Сестра процокала на каблучках к застекленной двери, мягко притворив ее за собой.

Стены просторного тамбура имели какой-то неопределенный, скорее всего оливковый цвет. Жестяная банка из-под атлантической селедки стояла на полу. Она ломилась от окурков. Невыветривающийся табачный дым ел глаза. Меж двух больших окон без занавесей, выходящих в непроглядную ночь, стоял потертый диван, куда они первым делом положили страдальца, подсунув под голову сложенное изнанкой наружу пальто. Усохшее тело заняло так мало места, что и они поместились с краешку, обнаружив вдруг удивительное сходство поз и выражений.
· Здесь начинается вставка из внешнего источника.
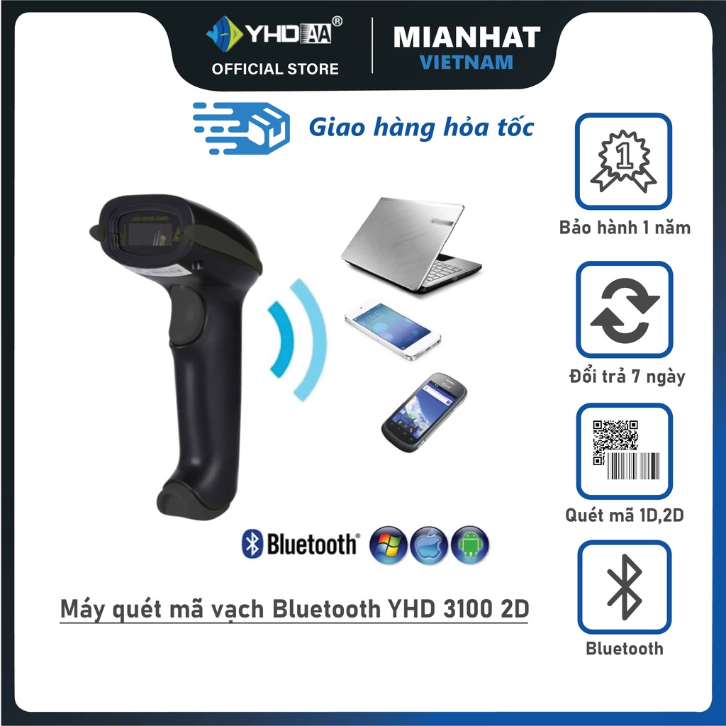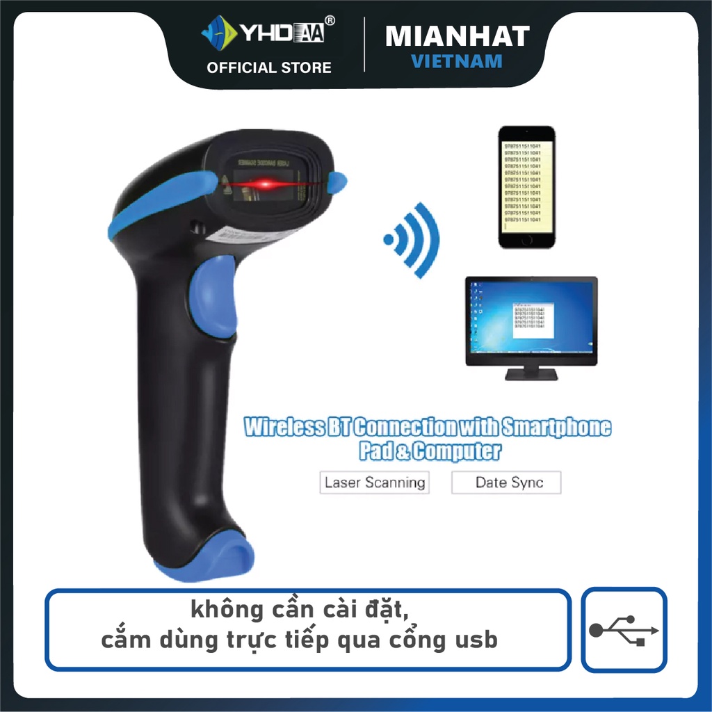 Máy quét mã vạch Bluetooth – Đầu đọc mã vạch không dây QRCODE YHD-3100 2D hỗ trợ kết nối Bluetooth hoặc 2.4G với điện thoại, laptop, máy tính bàn.
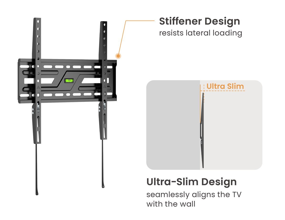 POWERTECH επιτοίχια βάση τηλεόρασης PT-1373, 32-75", έως 75kg, fixed

Ожидание затягивалось. Антон Николаевич взглянул на часы.

— Подпишешь профессору свою книгу.

Платон нервически кашлянул и потянулся к пухлому портфелю.

— Не обязательно сейчас. Успеется.

— А здесь клево, ребятки! — развязно заявил Тоник.

Антон Николаевич сердито обернулся. У Седого Платона дернулись усики. «Наглец! — подумали оба, не сговариваясь. — Нашел себе приятелей…» Все трое, однако, продолжали молча сидеть на больничном диванчике, тесно прижавшись друг к другу, словно бы опасаясь разлада, готовые скорее пожертвовать святыми принципами педагогики, нежели единством, основанным на тайной ли договоренности, общем преступлении, горе, деловом интересе, родственном или ином праве, так или иначе всеми тремя признаваемом.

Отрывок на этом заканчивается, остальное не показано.